Prostate cancer in Scotland: an evolutionary journey
Karen Walker, Clinical Nurse Specialist at Edinburgh Cancer Center shares this case study
Prostate cancer remains the most common male cancer in Scotland, accounting for more than 20% of all cancers diagnosed in men. As a result, it is the largest cause of male cancer deaths.
The development of new technologies and treatments has undoubtedly contributed to these improvements in outcomes. Alongside this, the ability to redesign pathways in line with technological advances, patients’ needs and consumer expectations has become another critical success factor.
This certainly has been the case at Edinburgh Cancer Centre, where prostate cancer pathways have evolved considerably since our brachytherapy service was first introduced in 2001. Our infrastructure has been significantly bolstered; increased patient demand has meant the multidisciplinary team has more than doubled in size while our collaboration across disciplines and specialties has greatly improved. The latter is crucial; the diagnosis and treatment of prostate cancer touches multiple clinical specialties and departments including urology, pathology, radiology, theatre and anaesthetics. The patient journey – end-to-end – is complex.
That patient journey has also extended geographically too. As national awareness of brachytherapy has increased, the footprint of our patient population – as well as our patient numbers – has expanded. Today, around half the men referred into our service are from outside the Lothian area; traveling from as far afield as the Shetlands, Highlands and Western Isles. Ten years ago, that figure was around 25%.
The increase has led us to develop two pathways; one for local patients and another – which includes a comprehensive one-day pre-assessment – for patients further afield.
The uro-oncology CNS
The complexities of the journey from diagnosis-to-treatment shine a bright light on the importance of the Clinical Nurse Specialist (CNS) team, which fundamentally acts as the glue that binds everything together. At the Edinburgh Cancer Centre, we’re fortunate to have three CNS’s supporting our entire uro-oncology service.
The importance of the CNS, particularly in oncology settings, is widely acknowledged. Our role is primarily to support patients at every touchpoint along the pathway – providing accessible advice, information and guidance whenever it’s required. We’re also responsible for managing communication between the various internal disciplines to ensure pathways function efficiently. Our ultimate goal is to assure an optimal patient experience.
The CNS role is particularly valuable in prostate cancer care, where the evolution in treatment options presents patients with choices at a time when coherent decision-making can often be compromised by the natural stresses of a cancer diagnosis.
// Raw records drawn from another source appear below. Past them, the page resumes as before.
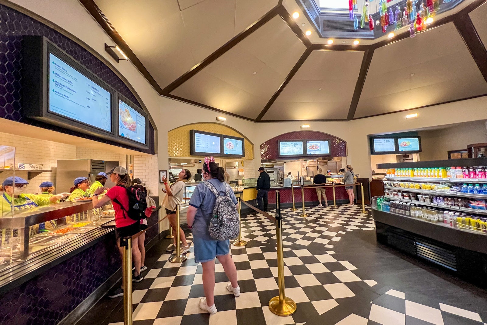 Next to Scat Cat's Club is the Sassagoula dining area. This Mardi Gras-themed food court features a collection of stations that serve everything from typical American fare (think: chicken fingers and fries for $10.49 and chili in a bread bowl for $9.99) to Creole classics like jambalaya ($10.99) and gumbo ($8.99).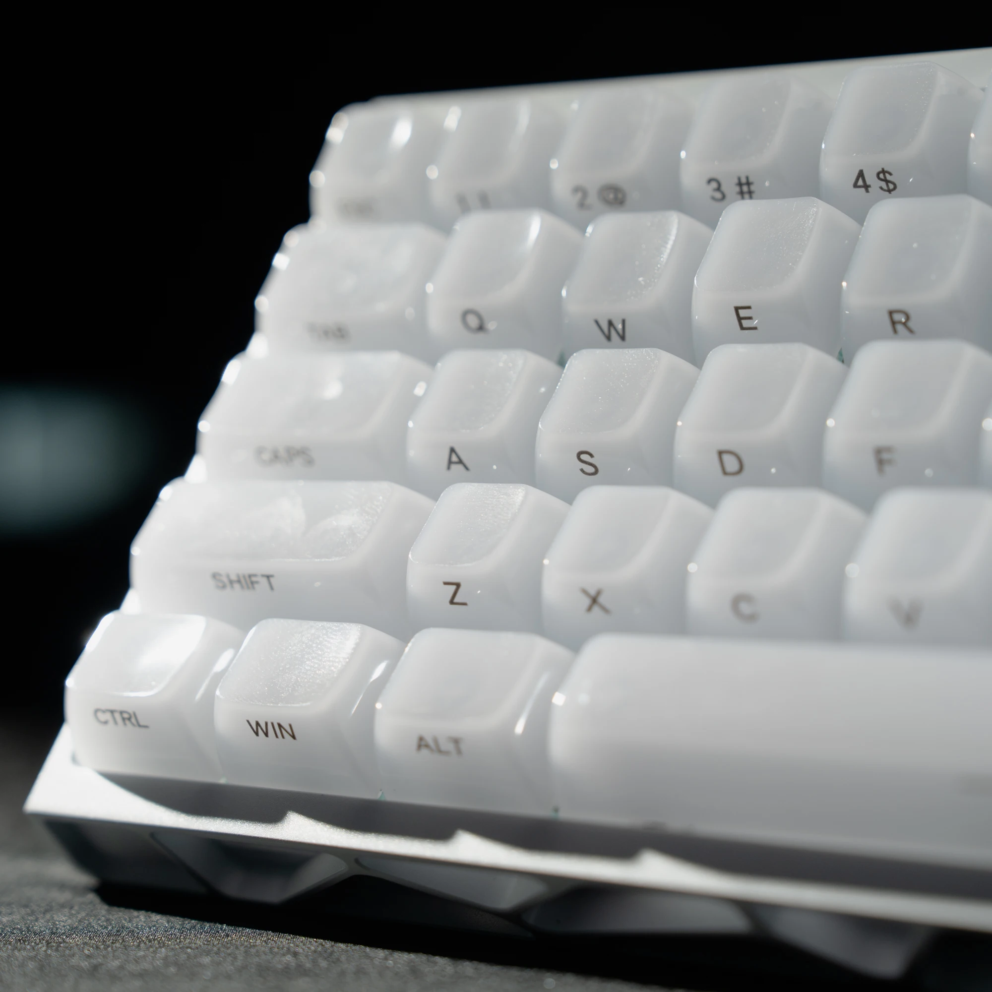 Creamy White RGB Backlit Keycaps Side Print Foggy Transparent Crystal PC Keycaps MDA Profile 115 Keys for MX Switches Keyboard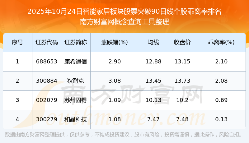 2025年10月24日智能家居板塊股票突破90日線個股乖離率排名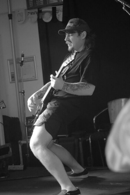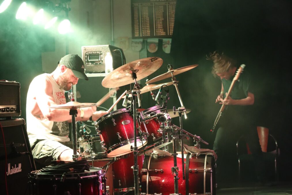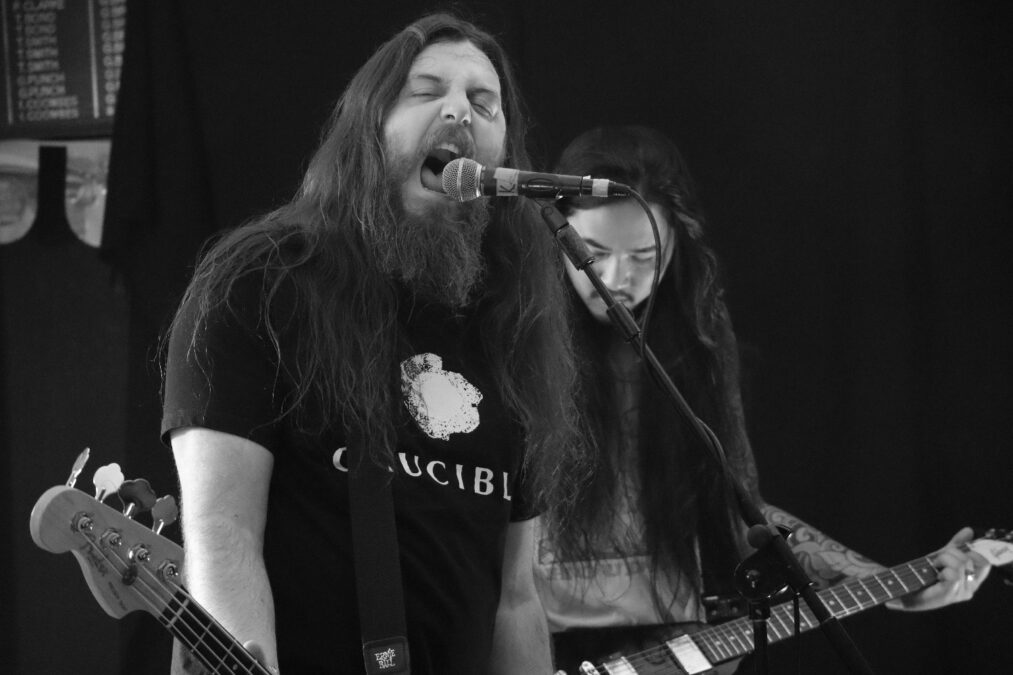 As I walk back into the Black Flag Brewing stage, Slowcut are chugging away hard with a slow but heavy groove. These guys sludge hard with thumping drumbeats and guitars that sound like they are being strangled to produce a downtrodden dirty tone. A slow clean guitar section in one of their tracks shows of the band’s gentler side, but for some reason it’s a little unnerving.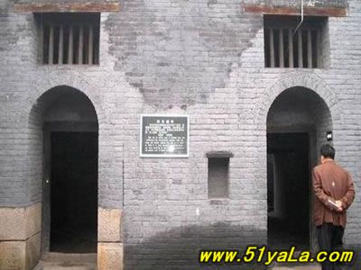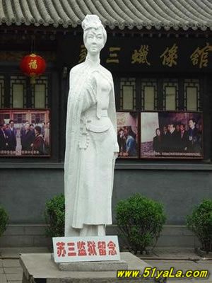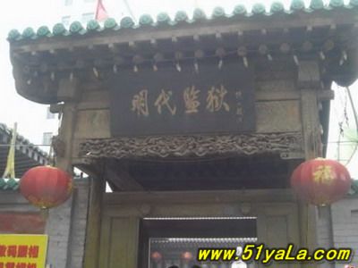 “蘇三監(jiān)獄”在今洪洞縣政府院內(nèi)西南,亦即明洪洞縣衙西南角。一進(jìn)掛有“明代監(jiān)獄”匾額的大門(mén),首先看到的便是蘇三的塑像,外院當(dāng)年監(jiān)獄的辦公場(chǎng)所,右邊的院落是普通監(jiān)牢,中間是過(guò)道,兩邊共有監(jiān)牢十余間,過(guò)道頂上布有鐵絲網(wǎng),網(wǎng)上掛有銅鈴,一有犯人企圖越墻逃跑,便會(huì)觸響銅鈴。過(guò)道的盡頭,正對(duì)的是獄卒的值班室,右面的墻上有獄神的供位,傳說(shuō)當(dāng)年囚犯入獄都要參拜獄神,就是獄神下面的墻基處,有一小洞,是當(dāng)年運(yùn)送尸體的出口,犯人在獄中病死或是被打死,是不能從大門(mén)抬出去的,只能從這個(gè)小洞拉出去。過(guò)道盡頭的左邊,便是死囚牢的大門(mén),死囚牢雙門(mén)雙墻,門(mén)上畫(huà)有狴犴,狴犴是龍的兒子,長(zhǎng)得卻象老虎,因此人們誤稱(chēng)為“虎頭牢”,大約是因?yàn)辇埳抛樱幼硬煌?,狴犴?zhuān)門(mén)掌管刑獄,大門(mén)只有一米六高,所有進(jìn)入死囚牢的人都要在狴犴像前低頭,顯示對(duì)法律的敬畏。進(jìn)了門(mén)洞,里面還有一道門(mén),而這兩道門(mén)卻是一扇從右開(kāi),一扇從左開(kāi),不明就里的囚犯如果越獄,往往出了第一道門(mén)卻怎么也打不開(kāi)第二道門(mén),一個(gè)小小的改動(dòng)就能起到拖延犯人越獄時(shí)間的作用,不能不佩服古人的智慧。進(jìn)入死牢院,右面是一堵高墻,左面就是當(dāng)年關(guān)押蘇三的牢房,里面有蘇三的塑像。死囚院的中央還有當(dāng)年蘇三坐監(jiān)時(shí)洗衣的水井和石槽,井口留有一道道繩索磨下的印記,井口只有半尺多寬,這是為了防止死囚投井自殺。據(jù)說(shuō),右面的高墻里灌裝的都是流沙,如果犯人想要挖墻越獄,流沙便會(huì)從挖開(kāi)的小口中源源不斷地流來(lái),使其難以挖通圍墻。1964年我國(guó)著名考古學(xué)家王冶秋先生曾在洪洞考察確認(rèn),蘇三監(jiān)獄為我國(guó)罕見(jiàn)的明代監(jiān)獄,并題詩(shī)曰:“虎頭牢里羈紅妝,一曲攪亂臭水漿。王三公子今何在?此處空留丈八墻?!笔陝?dòng)亂期間,蘇三監(jiān)獄被拆毀。為了使“蘇三監(jiān)獄”這一僅存的明代監(jiān)獄得以保留,洪洞縣人民政府后做出了修復(fù)“明代蘇三監(jiān)獄”的決定。修復(fù)事宜于1984年5月開(kāi)始,同年10月竣工。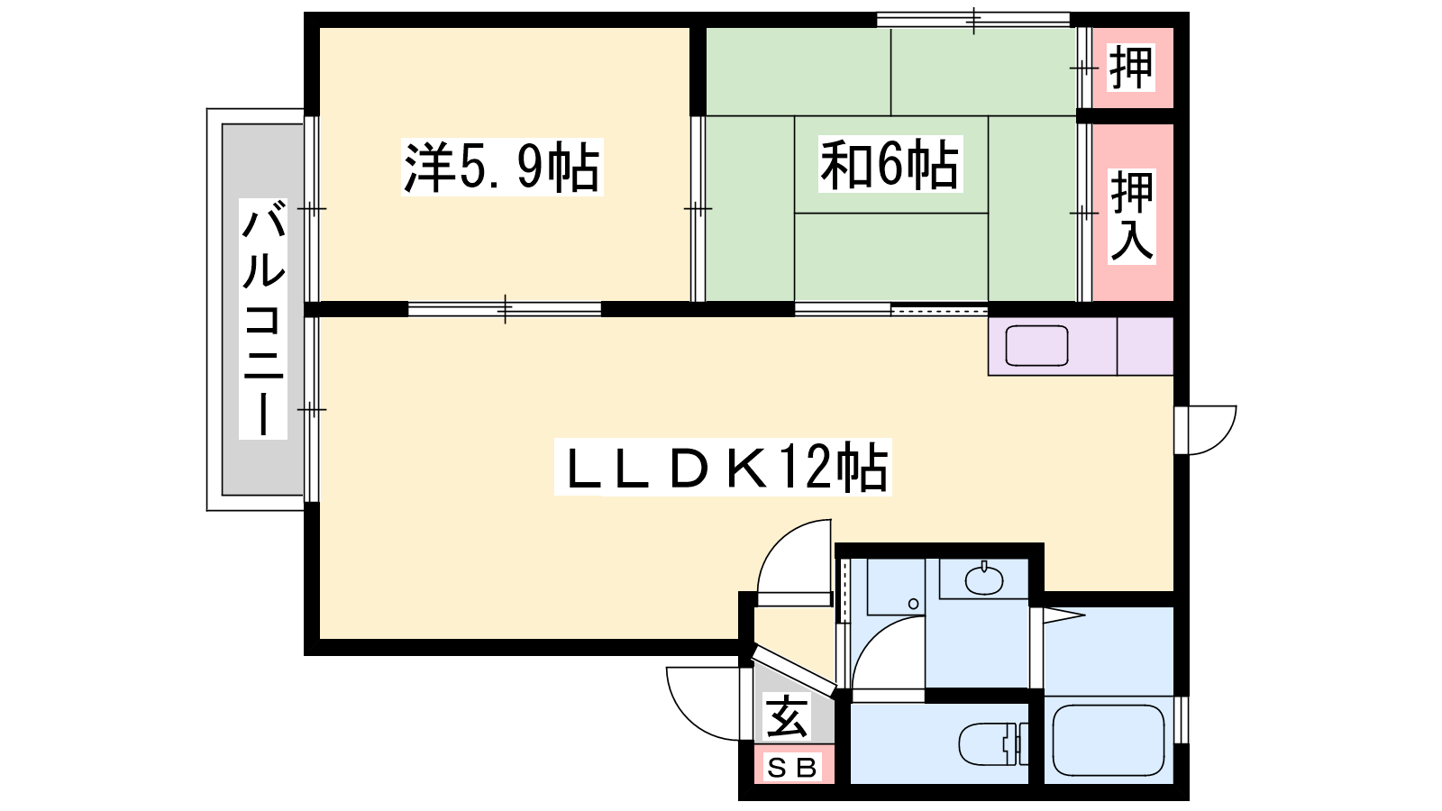 - LDK12帖、洋室6帖、和室6帖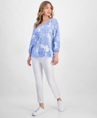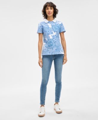 Women's Floral-Print Cotton Roll-Tab Shirt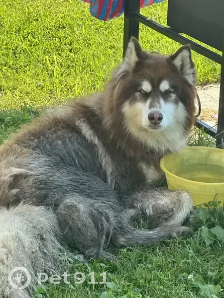 На участок прибежал молодой кобель, в ошейнике, глаза разного цвета) очень дружелюбный, но ошейник не дает трогать. Был очень голодный, грязный, видно, что неухоженный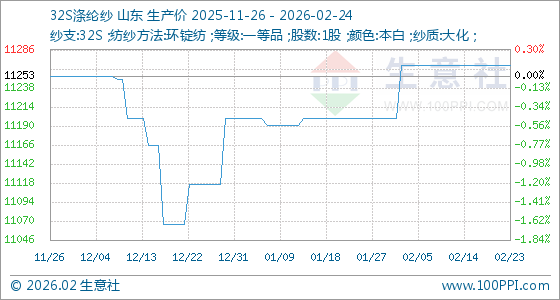 2月24日,生意社32S涤纶纱基准价为11266.67元/吨,与本月初(11200.00元/吨)相比,上涨了0.60%。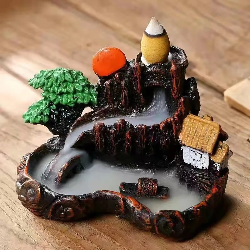 Fashionable Design: Our reflow incense burner is made of environmentally friendly resin, hand-carved, and its design is novel and unique. When used, it produces smoke that surrounds the incense burner like waterfalls and clouds.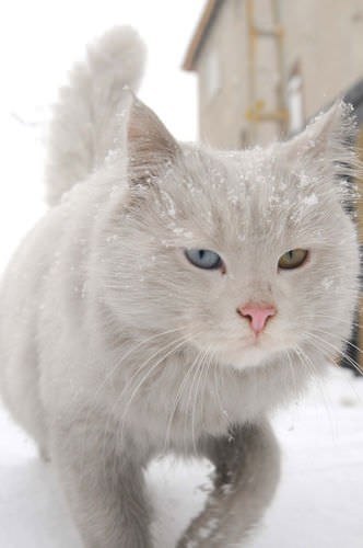 VAN'DA SABAH SAATLERINDE BASLAYAN KAR YAGISI HAYATI OLUMSUZ YONDE ETKILEDI. SOKAKTA KALAN VAN KEDISI ISE KAR YAGISININ ARDINDAN YIYECEK BULMAKTA ZORLUK CEKTI.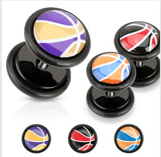 Black Acrylic Fake Plug with Multi Colored Basketball Inlay and O-Rings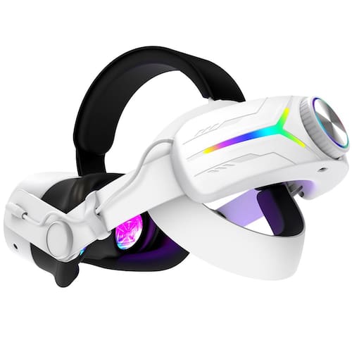 QWOS Alça de cabeça de bateria confortável RGB 12000 mAh compatível com fone de ouvido Meta Quest 3S - ? Aumente o tempo de reprodução: melhore sua experiência de realidade virtual e compatível com o Meta Quest 3S. A alça de cabeça de bateria confortável da QWOS usa baterias de nível industrial; as baterias integradas de 12000 mAh fornecem 7 a 8 horas adicionais de reprodução, dependendo do uso. - ? Conforto luxuoso: possui almofadas macias e grossas na parte superior e nas costas; bateria perfeitamente contrapesada; o design ergonômico garante conforto incomparável durante os jogos. - ? Segurança em primeiro lugar: equipado com uma bateria integrada certificada de 12000 mAh; tiras laterais duráveis e ecológicas podem dobrar até dez mil vezes; atendimento ao cliente atencioso garante que você se sinta seguro durante o jogo. - ? Suporte ampliado – suporta uma ampla variedade de tamanhos de cabeça; de dezessete pontos sete a vinte e nove pontos cinco polegadas; suporte de cabeça ampliado envolve sua cabeça; projetado para uso confortável a longo prazo - ? Almofada de espuma viscoelástica – A alça superior alargada e a almofada de cabeça espessa melhoram o conforto; reduz efetivamente a pressão durante o uso; a superfície de couro PU macio permite uma limpeza fácil. - ? Dicas: observe que esta alça de cabeça de bateria de 12000 mAh é compatível apenas com META QUEST 3S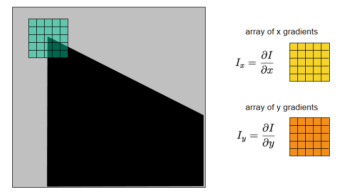 如上图,通常我们会定义一个窗口,在窗口内计算x方向和y方向的梯度Ix, Iy。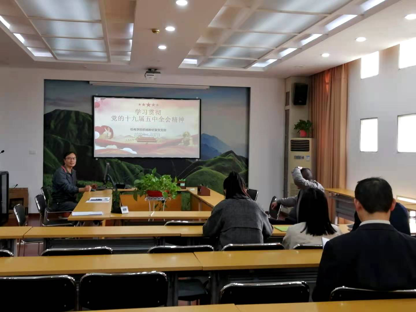 11月17日,机电学院机械教研室党支部在2200会议室开展十九届五中全会精神学习的专题党课,由支部书记张红钢主讲,全体党员参加了党课学习活动。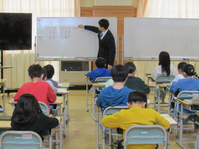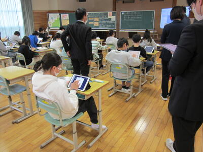 相馬地区から多くの先生方の参加をいただき、授業公開を行いました。6年生は、デジタル教科書、ロイロノートを使っての授業です。教科書を読み取りながら、日清、日露戦争のきっかけや結果をまとめていました。6年生も授業後半には、問題作り、お互いに解き合っていました。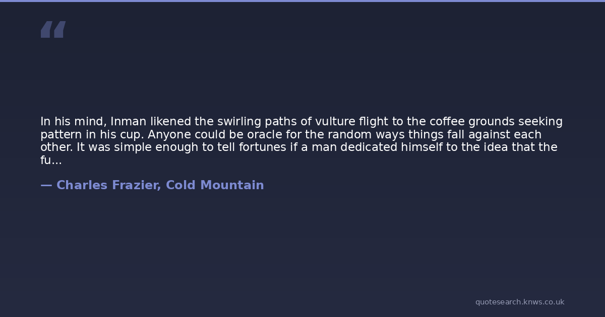In his mind, Inman likened the swirling paths of vulture flight to the coffee grounds seeking pattern in his cup. Anyone could be oracle for the random ways things fall against each other. It was simple enough to tell fortunes if a man dedicated himself to the idea that the future will inevitably be worse than the past and that time is a path leading nowhere but a place of deep and persistent threat. The way Inman saw it, if a thing like Fredericksburg was to be used as a marker of current position, then many years hence, at the rate we're going, we'll be eating one another raw.
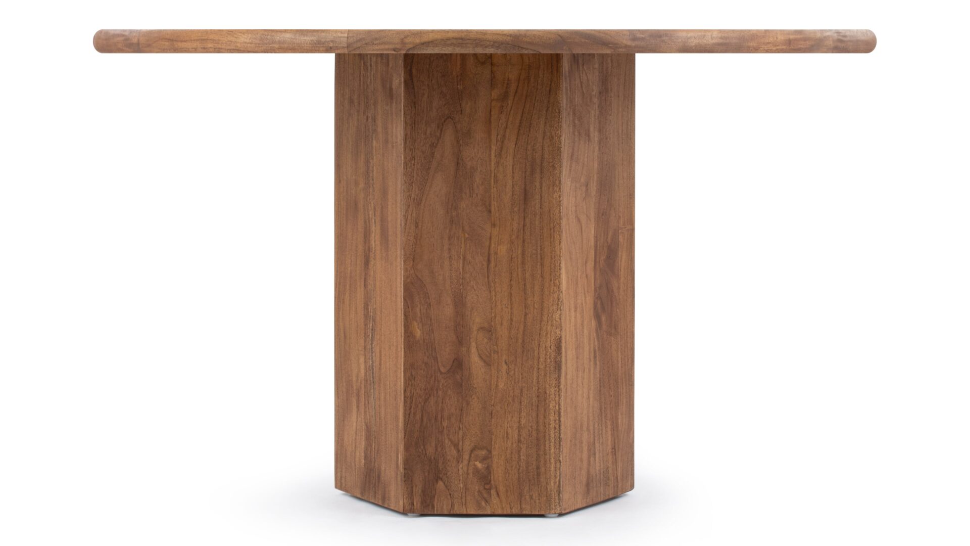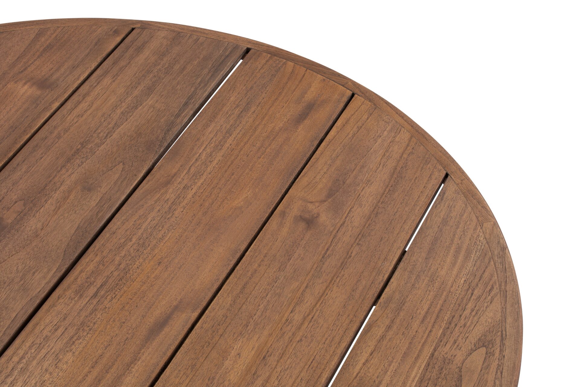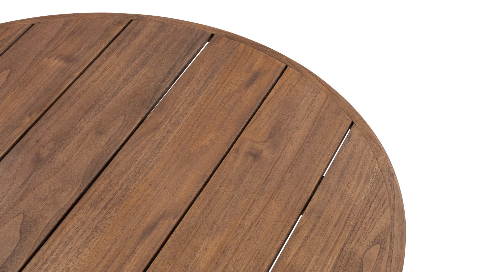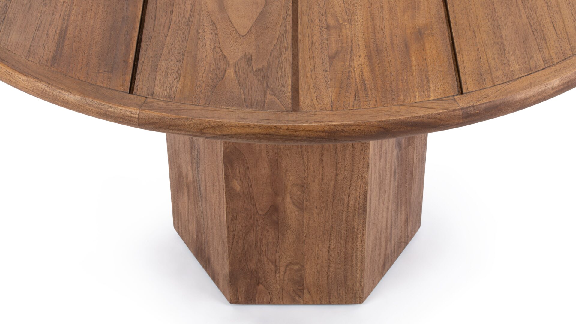 Featuring the rich allure of authentic teak wood, the "table" presents a circular, plank-style tabletop complemented by a robust pedestal base for a harmonious, understated aesthetic. Offered in both natural and walnut-stained variations, it introduces a touch of rustic sophistication to any room.

Our job is to provide independent, unbiased advice about all the appropriate treatment options – to ensure patients choose the right treatment for themselves. Quality of Life studies show that if a patient is happy with the treatment they choose, their outcomes – and their ability to tolerate side-effects – are generally better.
Communication between patients and CNS is always personalised and empathetic. Patients are rarely interested in the science or the statistics – they want to know the potential side-effects, the long-term implications and the likely clinical outcomes. And they want to hear it in simple English, not medical jargon.
It’s a sign of how far brachytherapy has come that it’s now a common feature of our conversations with patients. In the information age, awareness of brachytherapy has grown significantly and many of the patients we see already have a small understanding. However, the ability to build on that knowledge and hear real-world experiences from informed professionals is hugely valuable. Nevertheless, with or without prior knowledge, CNS engagement gives patients an opportunity to discuss all their treatment options.
Brachytherapy: a great option
Primarily, brachytherapy (permanent seed implant) is not suitable for everyone; there are guidelines determining its use. However, for those patients where it is appropriate, it’s a great option. The treatment is highly convenient and, because it is less invasive, generally has faster recovery times. Similarly, side-effects like incontinence or sexual dysfunction are often less severe than surgery or radiotherapy. Most importantly of all, comparative effectiveness studies show that LDR brachytherapy reports equivalent recurrence-free survival rates to RP and EBRT in both low and intermediate risk patients. All the evidence confirms that it is a very effective treatment.
It’s no surprise that more patients are choosing brachytherapy. Our own service in Edinburgh bears this out. Here, logistical challenges around the use of theatre and resources restrict our service to two slots every week – totalling between 90 and 96 slots across the year. A decade ago, some of those slots would be unused. Today, the service is at full capacity. Demand for brachytherapy, both from the local area and beyond, is such that waiting lists have increased. This is not ideal but it illustrates the level of interest in the treatment. We’re currently developing a business case in the hope of unlocking additional theatre time to reduce waiting times and treat more patients.
Whatever the outcome, one thing is for sure: brachytherapy is here to stay as a primary treatment option for prostate cancer. What’s more, as the Edinburgh Cancer Centre prepares to treat its 1000th brachytherapy patient since 2001, it’s unlikely that treating the next 1000 will take anything like 18 years. We’ve sown the seeds – now we’re bearing the fruits.